Failure to Revise and Update Individualized Care Plans for Oxygen Use and Fall Risk
Penalty
Summary
The deficiency involves the facility’s failure to ensure ongoing revision and updating of individualized care plans in accordance with residents’ conditions and treatments. For one resident with diagnoses including Alzheimer’s disease, dementia, adult failure to thrive, type 2 diabetes mellitus, and chronic ischemic heart disease, surveyors observed the resident lying in bed with oxygen in use at 2L via nasal cannula. The oxygen tubing had no label with a date, there was no physician order for oxygen administration in the active orders, and there was no care plan addressing oxygen use. The DON acknowledged that oxygen use should have a physician’s order and that the tubing should be labeled with a date, and the Administrator was informed that there was no care plan for the oxygen therapy.
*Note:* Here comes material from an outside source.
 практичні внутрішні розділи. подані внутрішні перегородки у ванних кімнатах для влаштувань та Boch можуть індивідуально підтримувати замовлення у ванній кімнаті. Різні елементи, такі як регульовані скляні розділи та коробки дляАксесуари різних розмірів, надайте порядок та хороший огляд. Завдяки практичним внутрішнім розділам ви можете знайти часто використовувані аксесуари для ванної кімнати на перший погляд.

Another resident, an older adult with multiple diagnoses including chronic respiratory failure with hypoxia, tracheostomy and ventilator dependence, gastrostomy, left femur fracture with routine healing, essential hypertension, seizure disorder, anxiety disorder, depressive disorders, generalized edema, left hip pain, diaphragmatic hernia, and delirium, was identified as being at high risk for falls per a Fall Risk scale. The resident’s fall care plan, initiated for high fall risk with problems such as gait/balance issues, poor communication/comprehension, decreased safety awareness, and adverse behaviors, contained dated interventions such as keeping furniture locked, educating the resident to use the call light, and bilateral floor mats. However, on subsequent dates, entries of 11/29/25 and 12/1/25 documented “no intervention” instead of updated fall-prevention measures after falls. The DON stated that the fall care plan should be updated after each fall with appropriate interventions, and the Administrator stated that his expectation is that care plans be updated after appropriate interventions are discussed, indicating that this did not occur as required by facility policy for comprehensive care plans.